Producers and sponsors
Southern and Eastern Africa Consortium for Monitoring Educational Quality
International Institute for Educational Planning (IIEP)
United Nations Educational, Scientific and Cultural Organization
Funding the project
Funding the project
Funding the project
Ministries of Education and Human Resources, Mauritius
Funding the project
Sample designs in the field of education are usually prepared amid a network of competing constraints. These designs need to adhere to established survey sampling theory and, at the same time, give due recognition to the financial, administrative, and socio-political settings in which they are to be applied. The "best" sample design for a particular project is one that provides levels of sampling accuracy that are acceptable in terms of the main aims of the project, while simultaneously limiting cost, logistic, and procedural demands to manageable levels. The major constraints that were established prior to the preparation of the sample designs for the SACMEQ II Project have been listed below.
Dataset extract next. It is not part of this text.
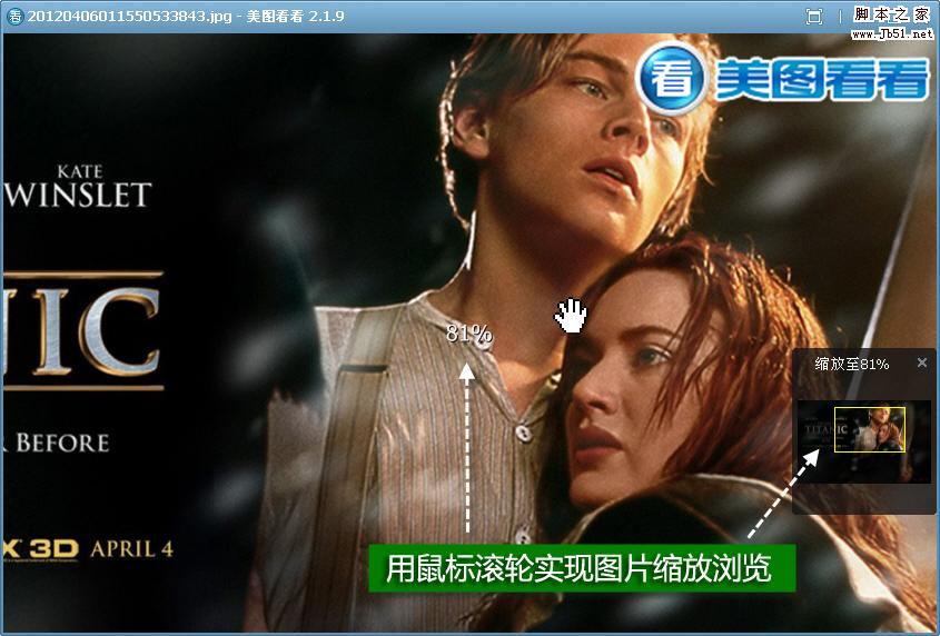 在美图看看大图浏览窗口下,默认情况下当我们拨动鼠标滚轮时可以放大缩小图片,实现非常方便的图片缩放浏览操作,如图01所示。同时,在浏览窗口中单击鼠标左键拖动,即可实现图片位置的随意移动,这对于浏览超大尺寸的图片或漫画来说,会很有益处;因为这样就可以拖动图片把每一个细节都看清楚。

Target Population: The target population definitions should focus on Grade 6 pupils attending registered mainstream government or non-government schools. In addition, the defined target population should be constructed by excluding no more than 5 percent of pupils from the desired target population.
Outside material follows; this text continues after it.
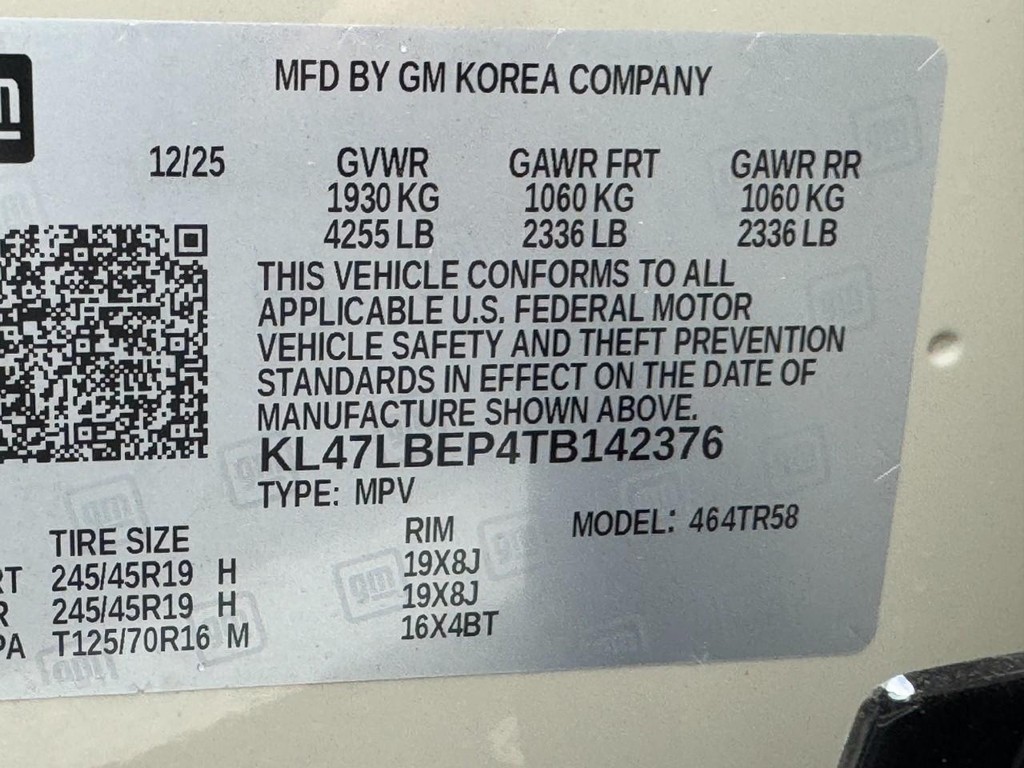 - VIN : KL47LBEP4TB142376

Bias Control: The sampling should conform to the accepted rules of scientific probability sampling. That is, the members of the defined target population should have a known and non-zero probability of selection into the sample so that any potential for bias in sample estimates due to variations from "epsem sampling" (equal probability of selection method) may be addressed through the use of appropriate sampling weights.
Sampling Errors: The sample estimates for the main criterion variables should conform to the sampling accuracy requirements set down by the International Association for the Evaluation of Educational Achievement. That is, the standard error of sampling for the pupil tests should be of a magnitude that is equal to, or smaller than, what would be achieved by employing a simple random sample of 400 pupils.
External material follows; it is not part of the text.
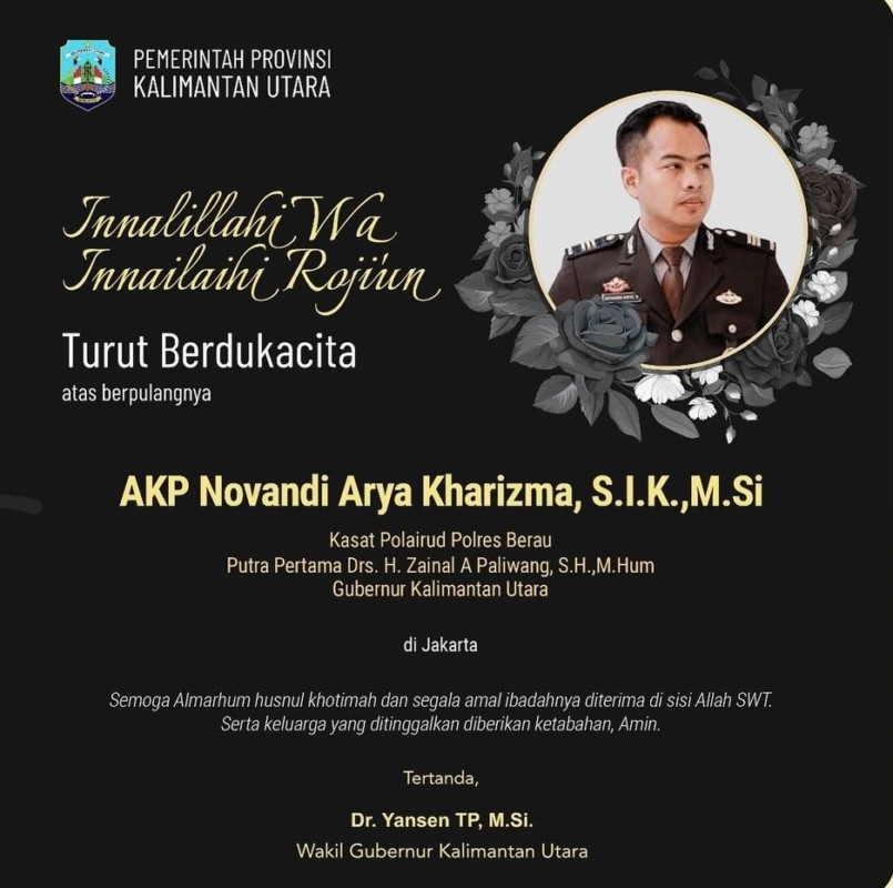 “Innalillahi Wa Innailaihi Rojiun. Jajaran Pemprov Kalimantan Utara mengucapkan duka cita atas berpulangnya AKP Novandi Arya Kharizma, S.I.K., M.Si, Putra Gubernur Kalimantan Utara Drs. H. Zainal A Paliwang, S.H.,M.Hum di Jakarta,” tulis Instagram tersebut.

Response Rates: Each SACMEQ country should aim to achieve an overall response rate for pupils of 80 percent. This figure was based on the wish to achieve or exceed a response rate of 90 percent for schools and a response rate of 90 percent for pupils within schools.
Administrative and Financial Costs: The number of schools selected in each country should recognize limitations in the administrative and financial resources available for data collection.
Other Constraints: The number of pupils selected to participate in the data collection in each selected school should be set at a level that will maximize validity of the within-school data collection for the pupil reading and mathematics tests.
The Specification of the Target Population
The target population for both the SACMEQ I and SACMEQ II Projects was focussed on the Grade 6 level for three main reasons.
First, Grade 6 identified a point near the end of primary schooling where school participation rates were reasonably high for most of the seven countries that participated in the SACMEQ I data collection during 1995-1997, and also reasonably high for most of the fourteen countries that participated in the SACMEQ II collection during 2000-2002. For this reason, Grade 6 represented a point that was suitable for making an assessment of the contribution of primary schooling towards the literacy and numeracy levels of a broad cross-section of society.
Second, the NRCs considered that testing pupils at grade levels lower than Grade 6 was problematic - because in some SACMEQ countries the lower grades were too close to the transition point between the use of local and national languages by teachers in the classroom. This transition point generally occurred at around Grade 3 level - but in some rural areas of some countries it was thought to be as high as Grade 4 level.
Third, the NRCs were of the opinion that the collection of home background information from pupils at grade levels lower than Grade 6 was likely to lack validity for certain key "explanatory" variables. For example, the NRCs felt that children at lower grade levels did not know how many years of education that their parents had received, and they also had difficulty in accurately describing the socioeconomic environment of their own homes (for example, the number of books at home).
The Stratification Procedures
The stratification procedures adopted for the study employed explicit and implicit strata. The explicit stratification variable, "Region", was applied by separating each sampling frame into separate regional lists of schools prior to undertaking the sampling. The implicit stratification variable was "School Size" - as measured by the number of Grade 6 pupils.
The main reason for choosing Region as the explicit stratification variable was that the SACMEQ Ministries of Education wanted to have education administration regions as "domains" for the study. That is, the Ministries wanted to have reasonably accurate sample estimates of population characteristics for each region.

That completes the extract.